Нелли засмеялась ему прямо в глаза.
Доктор методически покачал головою.
– Это очень нехорошо, – сказал он, разводя новый порошок, –
очень, очень непохвально.
– Не сердитесь на меня, – отвечала Нелли, тщетно стараясь не
засмеяться снова, – я непременно приму... А любите вы меня?
– Если вы будете вести себя похвально, то очень буду любить.
– Очень?
– Очень.
– А теперь не любите?
– И теперь люблю.
– А поцелуете меня, если я захочу вас поцеловать?
– Да, если вы будете того заслуживать.
Тут Нелли опять не могла вытерпеть и снова засмеялась.
– У пациентки веселый характер, но теперь – это нервы и
каприз, – прошептал мне доктор с самым серьезным видом.
– Ну, хорошо, я выпью порошок, – вскрикнула вдруг своим
слабым голоском Нелли, – но когда я вырасту и буду большая, вы возьмете меня за
себя замуж?
Вероятно, выдумка этой новой шалости очень ей нравилась;
глаза ее так и горели, а губки так и подергивало смехом в ожидании ответа
несколько изумленного доктора.
– Ну да, – отвечал он, улыбаясь невольно этому новому
капризу, – ну да, если вы будете добрая и благовоспитанная девица, будете
послушны и будете...
– Принимать порошки? – подхватила Нелли.
– Ого! ну да, принимать порошки. Добрая девица, – шепнул он
мне снова, – в ней много, много... доброго и умного, но, однако ж... замуж...
какой странный каприз...
И он снова поднес ей лекарство. Но в этот раз она даже и не
схитрила, а просто снизу вверх подтолкнула рукой ложку, и все лекарство
выплеснулось прямо на манишку и на лицо бедному старичку. Нелли громко
засмеялась, но не прежним простодушным и веселым смехом. В лице ее промелькнуло
что-то жестокое, злое. Во все это время она как будто избегала моего взгляда,
смотрела на одного доктора и с насмешкою, сквозь которую проглядывало, однако
же, беспокойство, ждала, что-то будет теперь делать «смешной» старичок.
– О! вы опять... Какое несчастие! Но... можно еще развести
порошок, – проговорил старик, отирая платком лицо и манишку.

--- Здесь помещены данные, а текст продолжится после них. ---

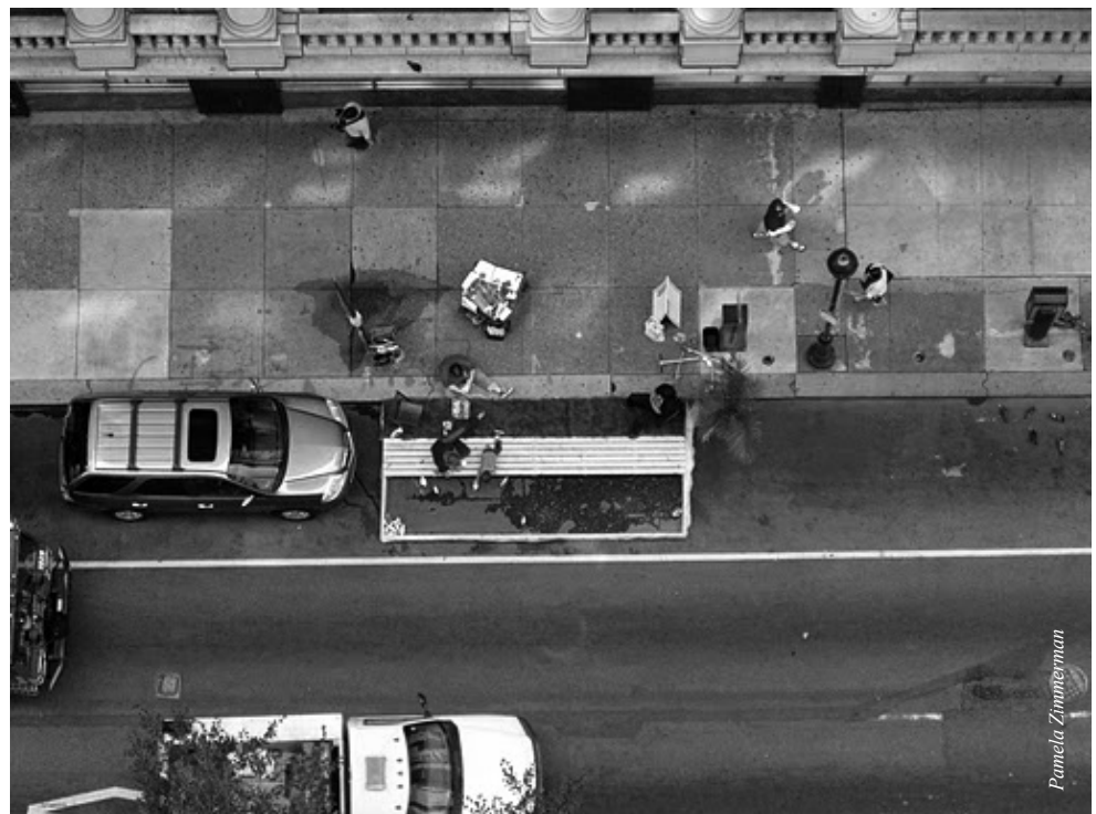
A temporary pond was constructed in a parking space on Walnut Street between Broad and 13th streets. The public was invited to make and float a paper boat in the temporary pond.
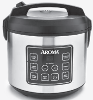
Multicookers/ Rice Cookers
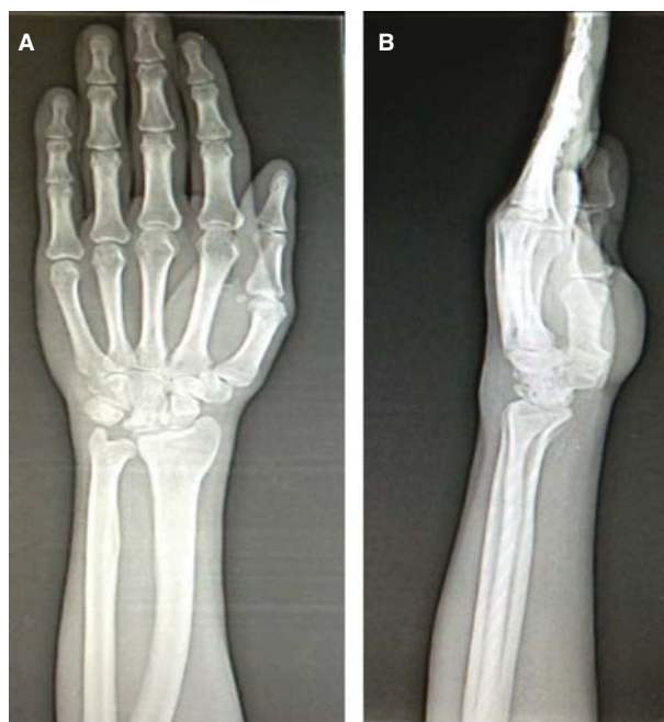
Figure 4. X-rays at second year of the operations showing the lunate to be in reduced position but has been collapsed ( a and b ).

was successfully reduced. After anatomical reduction was achieved, fixation was applied using K-wires. A fluoroscopic control revealed normal carpal bone relationship, and both volar and dorsal capsules were repaired (Figure 2). A short arm cast was applied for 8 weeks. Three months postoperatively, all K-wires were removed, and physiotherapy

Это ужасно поразило Нелли. Она ждала нашего гнева, думала,
что ее начнут бранить, упрекать, и, может быть, ей, бессознательно, того только
и хотелось в эту минуту, – чтоб иметь предлог тотчас же заплакать, зарыдать,
как в истерике, разбросать опять порошки, как давеча, и даже разбить что-нибудь
с досады, и всем этим утолить свое капризное, наболевшее сердечко. Такие
капризы бывают и не у одних больных, и не у одной Нелли. Как часто, бывало, я
ходил взад и вперед по комнате с бессознательным желанием, чтоб поскорей меня
кто-нибудь обидел или сказал слово, которое бы можно было принять за обиду, и
поскорей сорвать на чем-нибудь сердце. Женщины же, «срывая» таким образом
сердце, начинают плакать самыми искренними слезами, а самые чувствительные из
них даже доходят до истерики. Дело очень простое и самое житейское и бывающее
чаще всего, когда есть другая, часто никому не известная печаль в сердце и
которую хотелось бы, да нельзя никому высказать.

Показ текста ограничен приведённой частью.